The lines below, from the one holding "CASA EN PRIVADA" through the one holding "Custom on-court style", are to be restated word for word, with all images left out.

## SOURCE RECORDS
┏━━

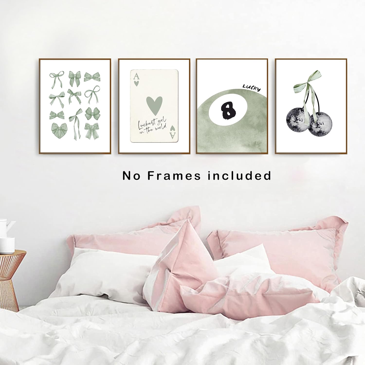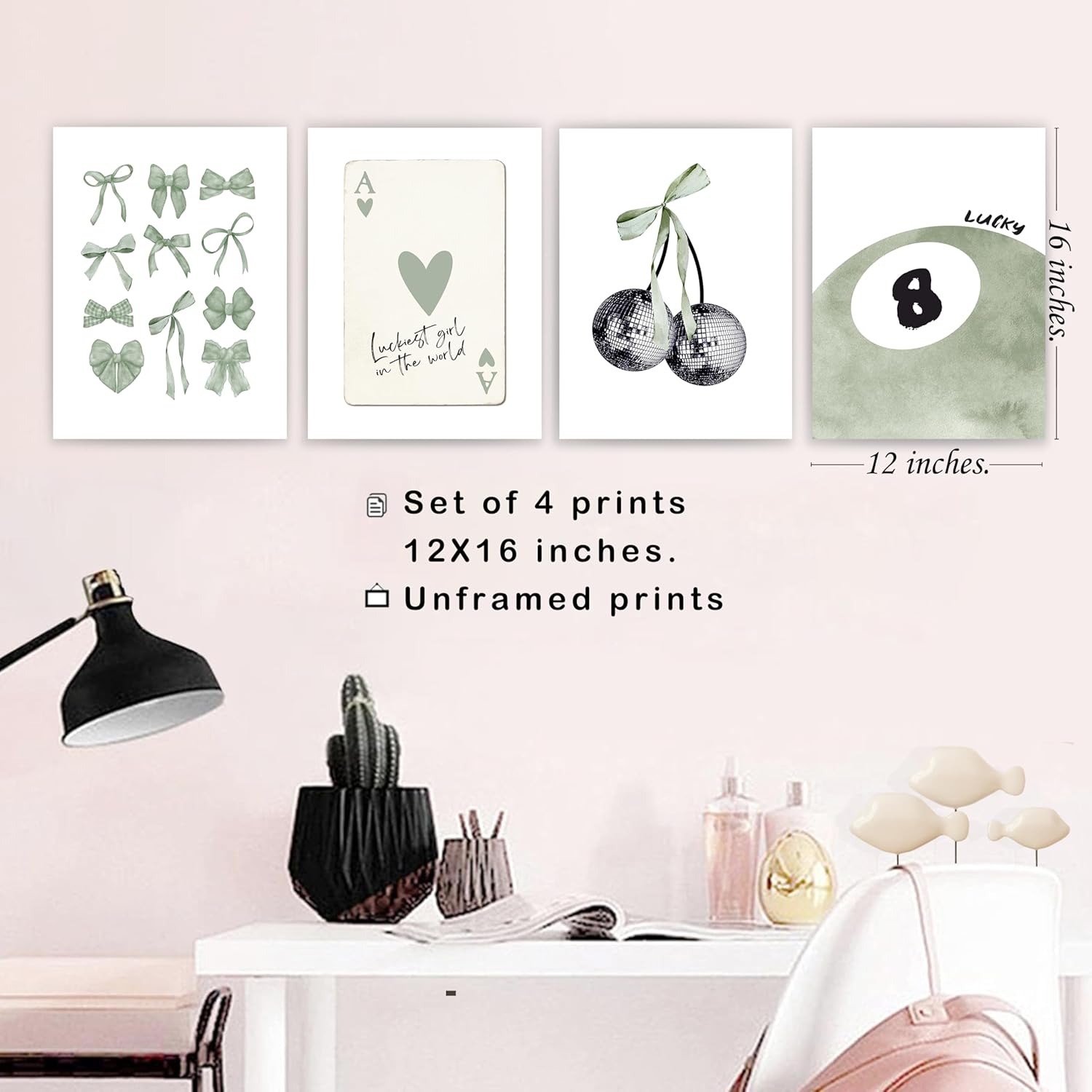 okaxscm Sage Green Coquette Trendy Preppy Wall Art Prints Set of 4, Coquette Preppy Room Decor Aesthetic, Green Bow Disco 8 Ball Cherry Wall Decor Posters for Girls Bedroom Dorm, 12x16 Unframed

┗━━
┏━━

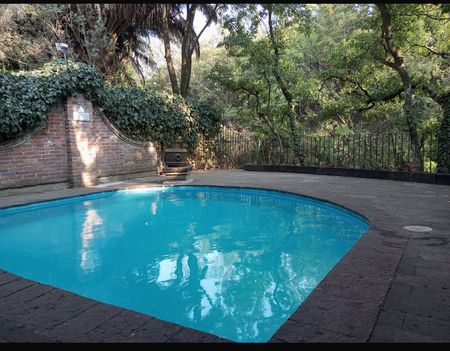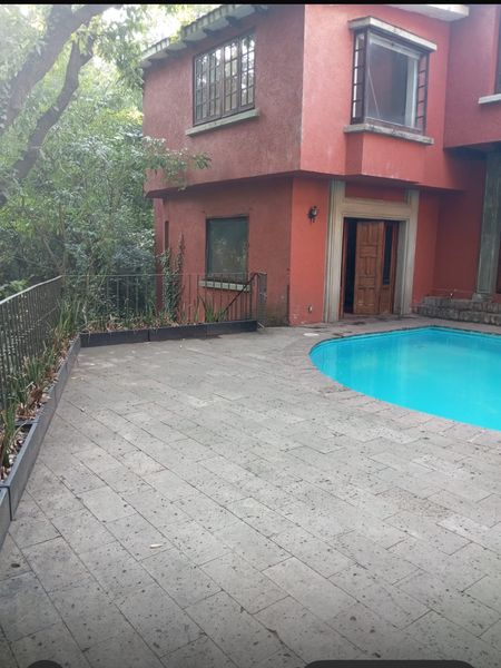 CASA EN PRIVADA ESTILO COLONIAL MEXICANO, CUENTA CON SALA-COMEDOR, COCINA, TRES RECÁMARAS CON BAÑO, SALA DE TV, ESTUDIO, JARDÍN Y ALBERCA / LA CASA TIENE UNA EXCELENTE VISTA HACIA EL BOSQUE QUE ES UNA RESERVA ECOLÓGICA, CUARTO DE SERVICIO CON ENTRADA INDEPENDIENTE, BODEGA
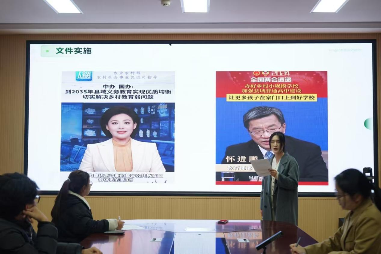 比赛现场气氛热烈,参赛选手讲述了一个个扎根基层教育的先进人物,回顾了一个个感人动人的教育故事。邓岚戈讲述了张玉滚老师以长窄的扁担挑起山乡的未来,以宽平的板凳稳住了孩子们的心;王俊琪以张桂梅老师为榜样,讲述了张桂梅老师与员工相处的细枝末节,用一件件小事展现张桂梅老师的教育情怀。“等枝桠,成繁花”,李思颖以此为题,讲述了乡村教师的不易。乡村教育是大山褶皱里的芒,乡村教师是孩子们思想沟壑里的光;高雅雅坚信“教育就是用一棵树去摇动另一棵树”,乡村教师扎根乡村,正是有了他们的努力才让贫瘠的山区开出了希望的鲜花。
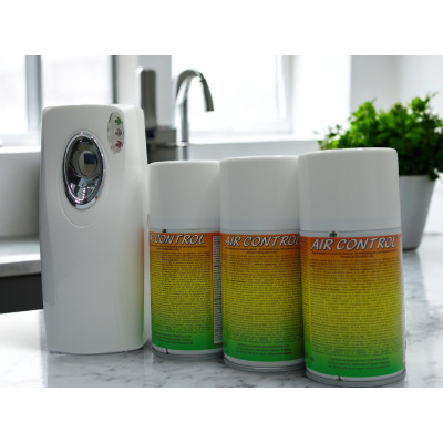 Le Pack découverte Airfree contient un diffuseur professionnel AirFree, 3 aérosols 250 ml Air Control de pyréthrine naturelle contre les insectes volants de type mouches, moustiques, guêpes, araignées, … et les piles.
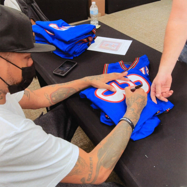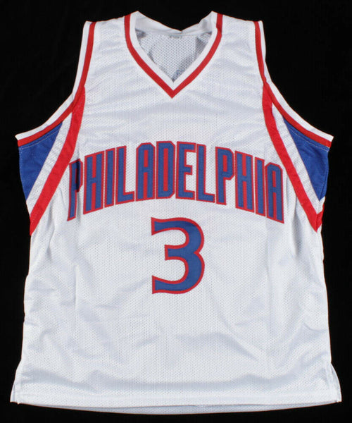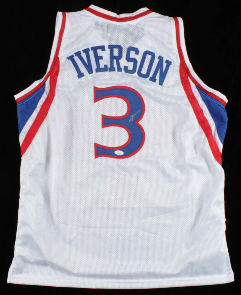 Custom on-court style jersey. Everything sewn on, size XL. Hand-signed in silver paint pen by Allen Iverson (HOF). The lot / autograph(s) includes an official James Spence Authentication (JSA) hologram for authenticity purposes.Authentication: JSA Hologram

┗━━

## RESPONSE TO THE EXERCISE
 CASA EN PRIVADA ESTILO COLONIAL MEXICANO, CUENTA CON SALA-COMEDOR, COCINA, TRES RECÁMARAS CON BAÑO, SALA DE TV, ESTUDIO, JARDÍN Y ALBERCA / LA CASA TIENE UNA EXCELENTE VISTA HACIA EL BOSQUE QUE ES UNA RESERVA ECOLÓGICA, CUARTO DE SERVICIO CON ENTRADA INDEPENDIENTE, BODEGA
 比赛现场气氛热烈,参赛选手讲述了一个个扎根基层教育的先进人物,回顾了一个个感人动人的教育故事。邓岚戈讲述了张玉滚老师以长窄的扁担挑起山乡的未来,以宽平的板凳稳住了孩子们的心;王俊琪以张桂梅老师为榜样,讲述了张桂梅老师与员工相处的细枝末节,用一件件小事展现张桂梅老师的教育情怀。“等枝桠,成繁花”,李思颖以此为题,讲述了乡村教师的不易。乡村教育是大山褶皱里的芒,乡村教师是孩子们思想沟壑里的光;高雅雅坚信“教育就是用一棵树去摇动另一棵树”,乡村教师扎根乡村,正是有了他们的努力才让贫瘠的山区开出了希望的鲜花。
 Le Pack découverte Airfree contient un diffuseur professionnel AirFree, 3 aérosols 250 ml Air Control de pyréthrine naturelle contre les insectes volants de type mouches, moustiques, guêpes, araignées, … et les piles.
 Custom on-court style jersey. Everything sewn on, size XL. Hand-signed in silver paint pen by Allen Iverson (HOF). The lot / autograph(s) includes an official James Spence Authentication (JSA) hologram for authenticity purposes.Authentication: JSA Hologram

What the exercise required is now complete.